In other words, simply completing the technical implementation of a data warehouse doesn't constitute success. Take another look at this list. Nearly every situation is "customer"-focused; that is, primarily end users determine whether a project is successful.
There are literally hundreds of similar evaluations of project failures, and they exhibit a great deal of overlap in terms of root causes: incorrect requirements, weak processes, inability to adapt to changes, project scope mismanagement, unrealistic schedules, inflated expectations, and so forth.
Third Truth: It Is Best to Fail Fast and Adapt
Unfortunately, the traditional development model does little to uncover these deficiencies early in the project. As Jeff DeLuca, one of the creators of Feature Driven Development (FDD), says, "We should try to break the back of the project as early as possible to avoid the high cost of change later downstream." In a traditional approach, it is possible for developers to plow ahead in the blind confidence that they are building the right product, only to discover at the end of the project that they were sadly mistaken. This is true even when one uses all the best practices, processes, and methodologies.

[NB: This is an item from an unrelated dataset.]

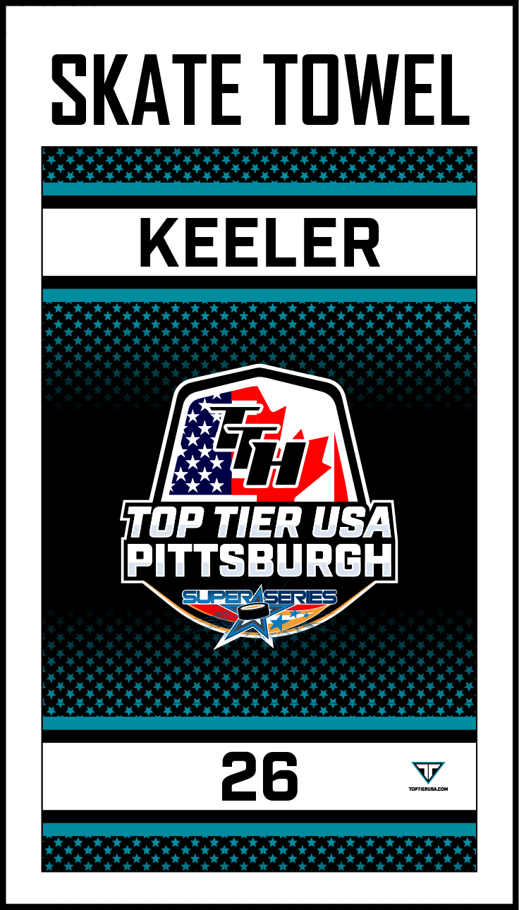 Fully Sublimated Skate Towel. Approximately 15" X 25". Name and Number included.

What is needed is an approach that promotes early discovery of project peril. Such an approach must place the responsibility of success equally on the users, stakeholders, and developers and should reward a team's ability to adapt to new directions and substantial requirements changes.

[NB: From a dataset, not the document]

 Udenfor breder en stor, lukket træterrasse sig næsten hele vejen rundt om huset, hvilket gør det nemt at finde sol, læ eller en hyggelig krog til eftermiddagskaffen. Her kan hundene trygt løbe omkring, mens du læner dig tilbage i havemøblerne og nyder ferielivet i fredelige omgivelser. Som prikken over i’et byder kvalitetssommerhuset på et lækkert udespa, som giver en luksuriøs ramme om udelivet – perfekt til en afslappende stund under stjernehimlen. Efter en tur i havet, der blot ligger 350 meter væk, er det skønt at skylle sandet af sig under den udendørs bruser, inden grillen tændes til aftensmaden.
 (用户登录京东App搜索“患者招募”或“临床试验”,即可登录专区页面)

As we observed earlier, most classes of project failure are user-satisfaction-oriented. If we can continuously adapt the DW/BI system and align with user expectations, users will be satisfied with the outcome. In all of my past involvement in traditional DW/BI implementations I have consistently seen the following phenomena at the end of the project:
- Users have become more educated about BI. As the project progresses, so does users' understanding of BI. So, what they told you at the beginning of the project may have been based on a misunderstanding or incorrect expectations.
- User requirements have changed or become more refined. That's true of all software and implementation projects. It's just a fact of life. What they told you at the beginning is much less relevant than what they tell you at the end.
- Users' memories of early requirements reviews are fuzzy. It often happens that contractually speaking, a requirement is met by the production system, but users are less than thrilled, having reactions like "What I really meant was . . ." or "That may be what I said, but it's not what I want."
- Users have high expectations when anticipating a new and useful tool. Left to their own imaginations, users often elevate their expectations of the BI system well beyond what is realistic or reasonable. This only leaves them disappointed when they see the actual product.
- Developers build based on the initial snapshot of user requirements. In waterfall-style development the initial requirements are reviewed and approved, then act as the scoping contract. Meeting the terms of the contract is not nearly as satisfying as meeting the users' expectations.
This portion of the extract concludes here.